Lines from the one with "開幕式于10月29日上午8:30舉行。市" up to and including the one with "Cụ thể, sau" are to be copied exactly from the records below, without their pictures.

:: Extracted entries ::
####################

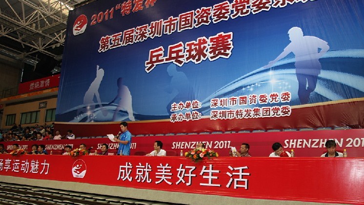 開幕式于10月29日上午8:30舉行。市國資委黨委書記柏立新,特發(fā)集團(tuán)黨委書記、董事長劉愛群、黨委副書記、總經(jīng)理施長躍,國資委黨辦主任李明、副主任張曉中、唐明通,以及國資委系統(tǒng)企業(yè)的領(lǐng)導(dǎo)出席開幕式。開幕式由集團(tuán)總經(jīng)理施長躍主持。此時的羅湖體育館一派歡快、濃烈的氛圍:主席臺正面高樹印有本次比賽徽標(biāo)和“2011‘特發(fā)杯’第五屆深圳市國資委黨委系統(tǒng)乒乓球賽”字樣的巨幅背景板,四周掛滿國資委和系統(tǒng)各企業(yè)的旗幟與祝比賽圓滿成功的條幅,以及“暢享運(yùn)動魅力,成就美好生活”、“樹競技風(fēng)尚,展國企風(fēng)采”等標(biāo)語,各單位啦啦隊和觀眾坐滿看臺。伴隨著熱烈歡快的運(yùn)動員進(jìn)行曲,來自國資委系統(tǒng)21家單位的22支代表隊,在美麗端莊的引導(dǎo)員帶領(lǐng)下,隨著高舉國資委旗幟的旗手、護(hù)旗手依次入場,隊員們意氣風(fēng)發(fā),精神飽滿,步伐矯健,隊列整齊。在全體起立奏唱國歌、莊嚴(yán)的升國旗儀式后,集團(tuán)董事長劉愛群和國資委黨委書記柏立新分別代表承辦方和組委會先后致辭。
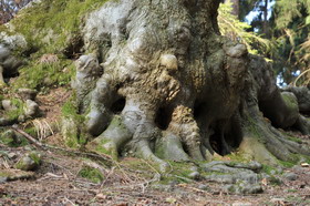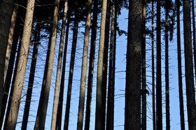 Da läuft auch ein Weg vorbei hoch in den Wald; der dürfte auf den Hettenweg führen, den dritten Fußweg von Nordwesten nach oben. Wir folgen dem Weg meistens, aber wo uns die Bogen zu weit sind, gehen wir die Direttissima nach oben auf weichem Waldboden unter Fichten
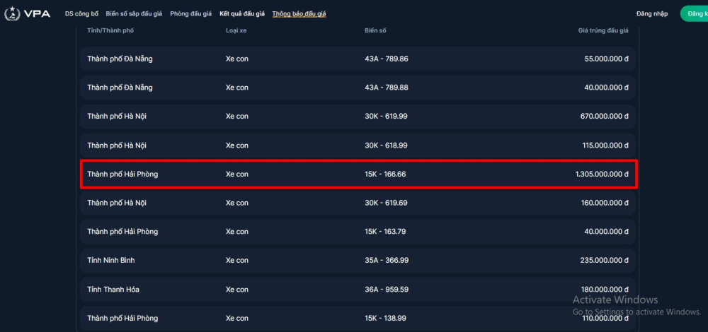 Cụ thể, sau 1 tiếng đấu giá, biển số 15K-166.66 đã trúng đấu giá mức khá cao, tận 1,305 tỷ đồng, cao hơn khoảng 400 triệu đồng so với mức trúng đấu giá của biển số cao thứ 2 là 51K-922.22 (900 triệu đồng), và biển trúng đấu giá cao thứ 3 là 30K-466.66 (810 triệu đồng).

####################

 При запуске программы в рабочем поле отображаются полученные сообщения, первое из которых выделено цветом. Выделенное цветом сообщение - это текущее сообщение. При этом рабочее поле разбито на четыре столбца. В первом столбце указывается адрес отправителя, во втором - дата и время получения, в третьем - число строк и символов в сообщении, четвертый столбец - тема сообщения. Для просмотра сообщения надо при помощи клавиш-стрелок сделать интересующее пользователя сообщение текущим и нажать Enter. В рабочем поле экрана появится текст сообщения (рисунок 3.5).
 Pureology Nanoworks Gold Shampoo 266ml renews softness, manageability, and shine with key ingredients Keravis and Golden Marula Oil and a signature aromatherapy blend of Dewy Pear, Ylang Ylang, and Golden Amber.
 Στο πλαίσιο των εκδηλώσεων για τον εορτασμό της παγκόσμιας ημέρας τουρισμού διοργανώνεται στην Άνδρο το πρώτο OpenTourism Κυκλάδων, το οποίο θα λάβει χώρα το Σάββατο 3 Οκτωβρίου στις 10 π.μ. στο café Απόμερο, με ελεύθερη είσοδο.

####################

:: Task answer ::
 開幕式于10月29日上午8:30舉行。市國資委黨委書記柏立新,特發(fā)集團(tuán)黨委書記、董事長劉愛群、黨委副書記、總經(jīng)理施長躍,國資委黨辦主任李明、副主任張曉中、唐明通,以及國資委系統(tǒng)企業(yè)的領(lǐng)導(dǎo)出席開幕式。開幕式由集團(tuán)總經(jīng)理施長躍主持。此時的羅湖體育館一派歡快、濃烈的氛圍:主席臺正面高樹印有本次比賽徽標(biāo)和“2011‘特發(fā)杯’第五屆深圳市國資委黨委系統(tǒng)乒乓球賽”字樣的巨幅背景板,四周掛滿國資委和系統(tǒng)各企業(yè)的旗幟與祝比賽圓滿成功的條幅,以及“暢享運(yùn)動魅力,成就美好生活”、“樹競技風(fēng)尚,展國企風(fēng)采”等標(biāo)語,各單位啦啦隊和觀眾坐滿看臺。伴隨著熱烈歡快的運(yùn)動員進(jìn)行曲,來自國資委系統(tǒng)21家單位的22支代表隊,在美麗端莊的引導(dǎo)員帶領(lǐng)下,隨著高舉國資委旗幟的旗手、護(hù)旗手依次入場,隊員們意氣風(fēng)發(fā),精神飽滿,步伐矯健,隊列整齊。在全體起立奏唱國歌、莊嚴(yán)的升國旗儀式后,集團(tuán)董事長劉愛群和國資委黨委書記柏立新分別代表承辦方和組委會先后致辭。
 Da läuft auch ein Weg vorbei hoch in den Wald; der dürfte auf den Hettenweg führen, den dritten Fußweg von Nordwesten nach oben. Wir folgen dem Weg meistens, aber wo uns die Bogen zu weit sind, gehen wir die Direttissima nach oben auf weichem Waldboden unter Fichten
 Cụ thể, sau 1 tiếng đấu giá, biển số 15K-166.66 đã trúng đấu giá mức khá cao, tận 1,305 tỷ đồng, cao hơn khoảng 400 triệu đồng so với mức trúng đấu giá của biển số cao thứ 2 là 51K-922.22 (900 triệu đồng), và biển trúng đấu giá cao thứ 3 là 30K-466.66 (810 triệu đồng).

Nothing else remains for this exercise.